Veronica didn’t sound right, but Montoya could picture her. Around five-seven, if he remembered correctly. Taller than Camille, with big eyes and a stare that cut right through you. Where Camille had always been outgoing and a flirt, her older sister was studious but outspoken, someone who didn’t suffer fools or the stupid teenage antics of her peers. The sister was a girl Montoya avoided, but he remembered her.

“Was it Valerie?” he asked, and the nun looked at him sharply, the corners of her mouth tugging downward.

“Yes.” She nodded, her wimple not moving a bit. “Valerie. That’s

it.”

“We need her address.”

“Of course.” She glanced to the doors leading to the chapel and seemed suddenly saddened by the events of the night. More people had arrived. Despite Sister Charity’s objections about outsiders trespassing on holy grounds, the crime scene techs went about the business of collecting evidence. Photographs and measurements were taken; the area dusted for prints; Luminol sprayed; and the floor, walls, and pews analyzed for footprints or scuff marks. The crime scene investigators worked with relentless precision.

“This is such sacrilege,” Sister Charity murmured, her eyes imploring. “Really, it has to stop.

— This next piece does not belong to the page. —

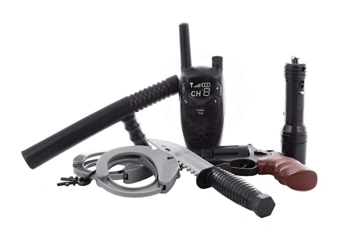 Setul de poliție pentru copii, cu o curea din piele rezistentă și accesorii bogate, îi va încânta pe toți micii apărători ai legii. Pachetul conține tot ce este necesar pentru un joc plin de acțiune: pistol, cuțit, stație radio, cătușe, lanternă cu baterii și baston. Sunt incluse și 3 baterii AG13, astfel încât distracția poate începe imediat. Potrivit pentru copii de la 6 ani.
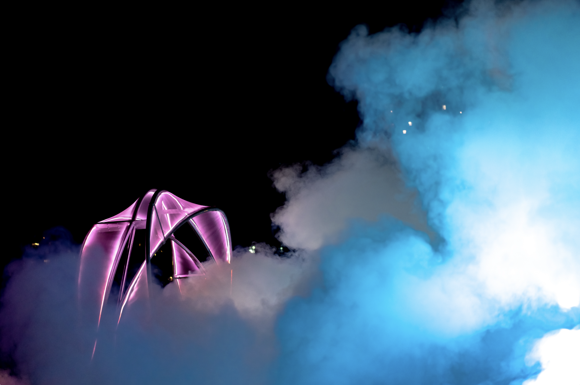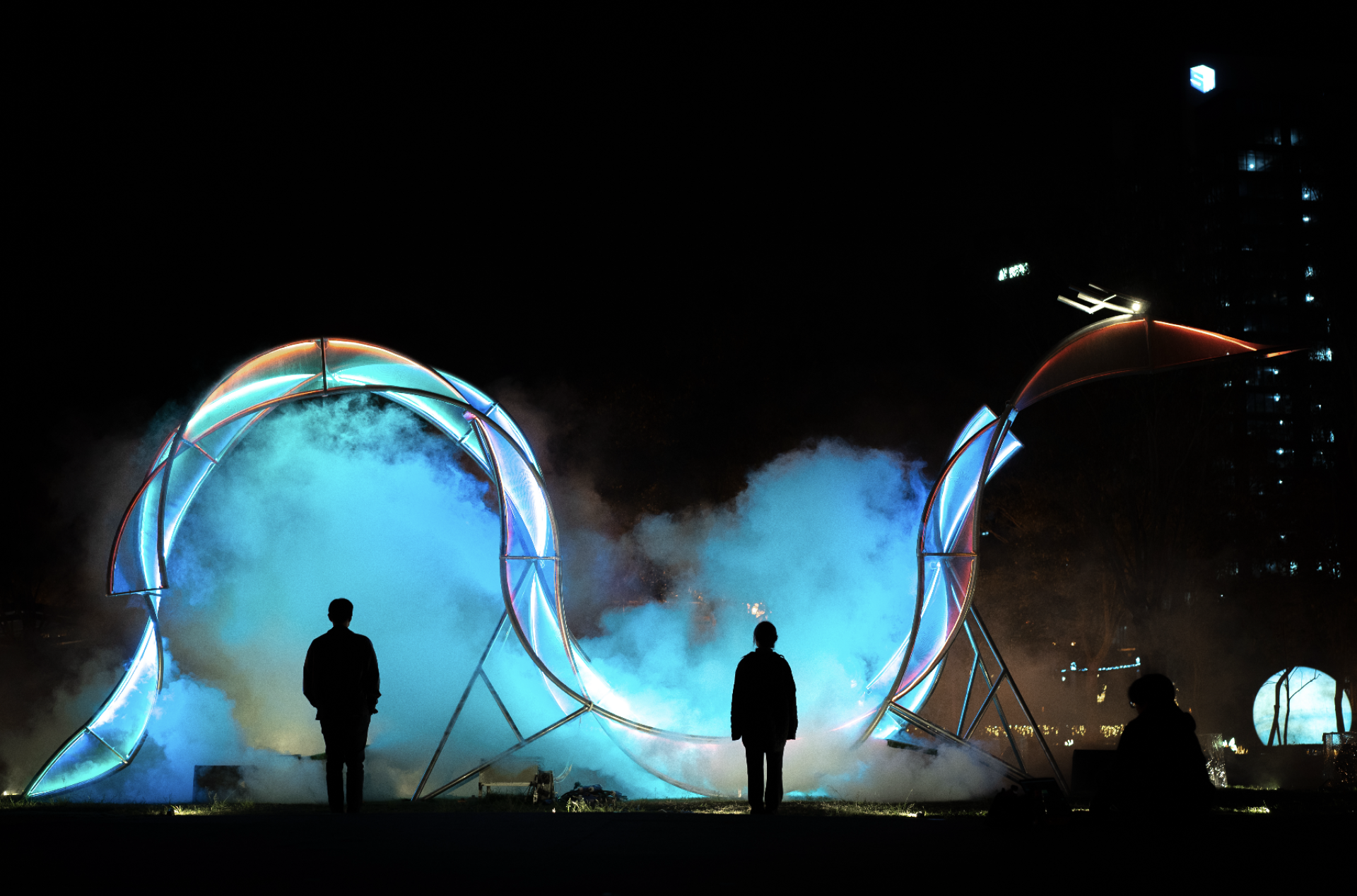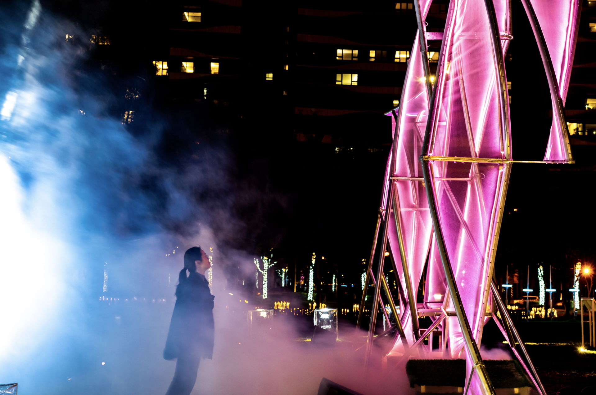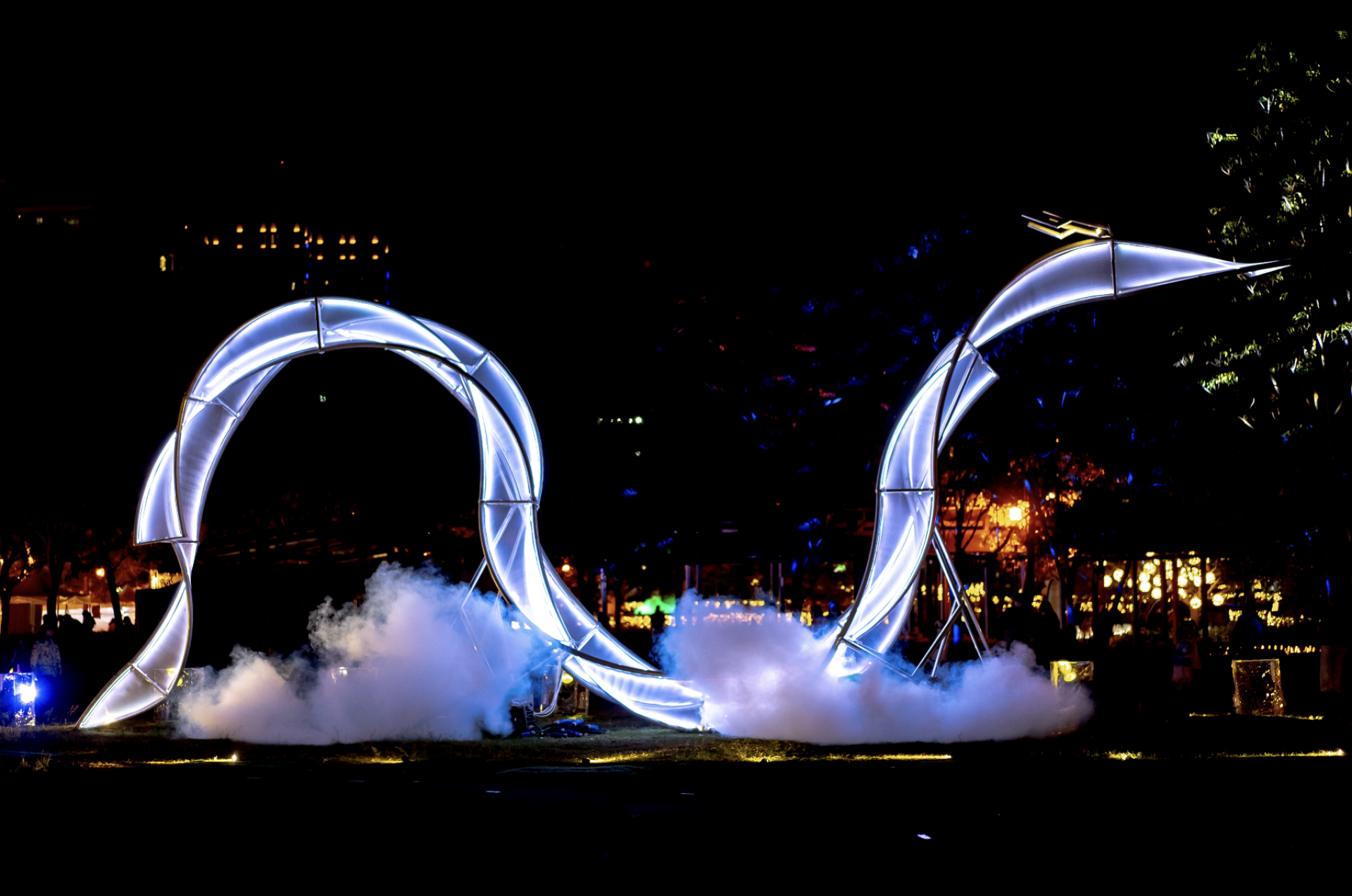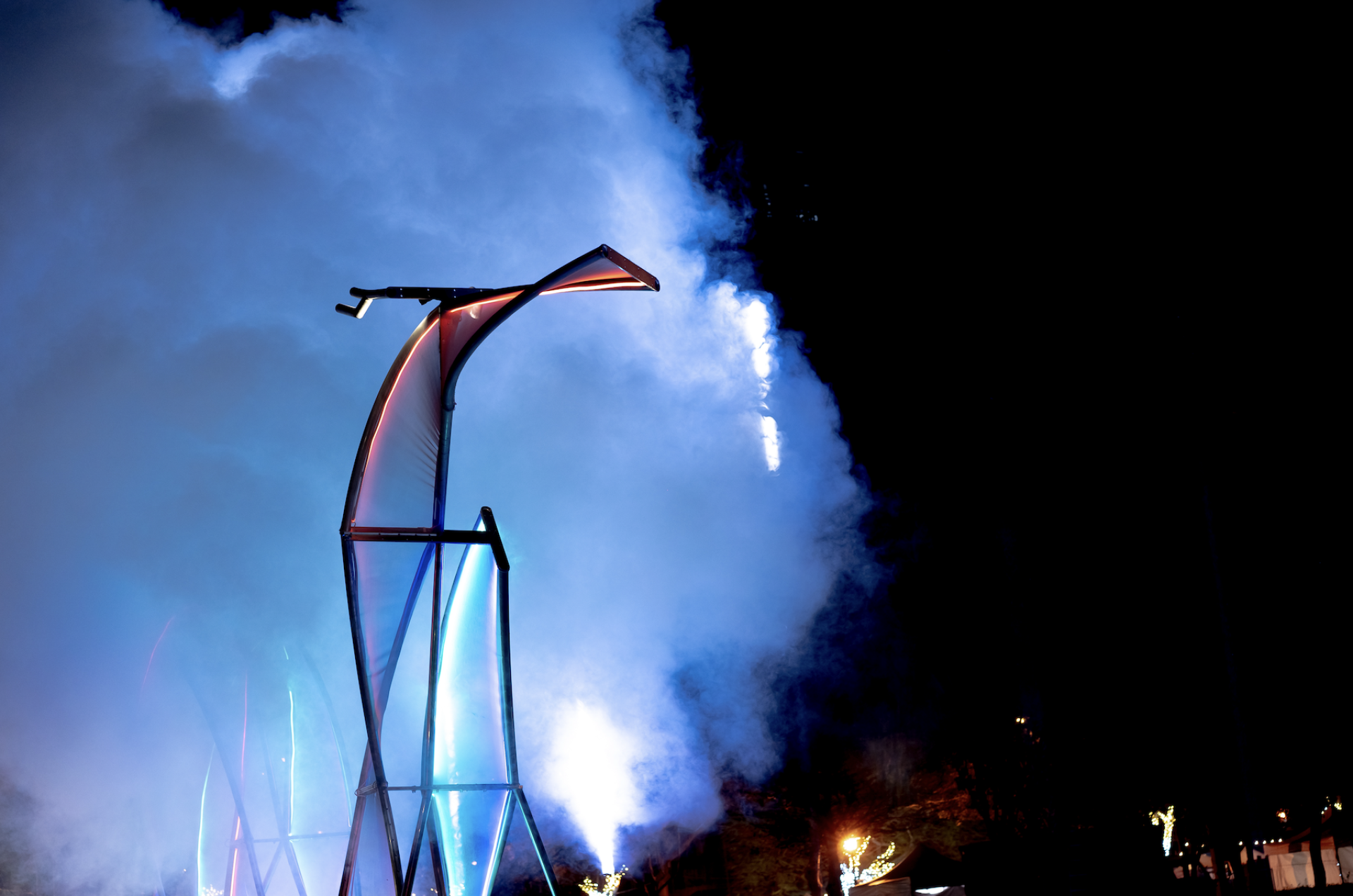 Interactive performances simulate electronic signals that activate the color of essence of life, while mist released from below creates an illusion of flight. From a distance, it leaps like a dragon, symbolizing new freedom.

The chapel is a holy place, not meant for …” She lifted a hand, palm out, almost in supplication toward the chapel where the medical examiner was examining Sister Camille’s body. “We follow rules and a strict schedule of devotion, and we cannot have …” Her voice cracked, and Montoya didn’t know if the emotion was grief for the death of Sister Camille, concern about the black mark a murder would make upon St. Marguerite’s reputation, or simply an act. “This disruption is unacceptable,” she said, but the conviction in her words was fading. “You’re upsetting everyone here, making a mockery of our chapel, yellow tape and people meandering so close to the holy tabernacle.”

“One of your own is dead,” Montoya reminded her, letting loose a fraction of his irritation. “Looks like a homicide. We have a job to do here, and we’ll do it as quickly and thoroughly as possible, but we will do it. It would be best if no one impeded the process.”

Her chin worked as if she wanted to say something, lambaste him for his impropriety and lack of respect. Instead she whispered, “So be it. I must attend to the novitiates. But please, remember this is the Lord God’s house.”

“And something very evil went down here.”

“We don’t know what happened,” she said in a crisp tone that allowed No argument. “Now, if you’ll excuse me, I must attend to the sisters.” As she bustled off, skirts rustling and rosary beads clicking, her outfit was meticulous but for the hem of her habit, which showed more than a trace of dirt.

Odd.

Otherwise she was impeccably put together—now, in the middle of the night.

Did the old mother superior sleep in her habit? Montoya made a mental note to speak with her later, when she’d had some time to cool off.

“Sister, wait up!” Bentz said, lunging to catch up with her. “I need to see Sister Camille’s room.”

“There’s nothing there.”

“We don’t know that.”

She paused, then nodded stiffly. “Come along, then.” She was already leading him up the stairs to the living quarters of the convent.

Yeah, Montoya thought, he’d speak to Sister Charity again. Alone. For now, he had bigger fish to fry. To Officer Erwin he said, “I think I’m going to have a talk with Father O’Toole and see what he has to say.”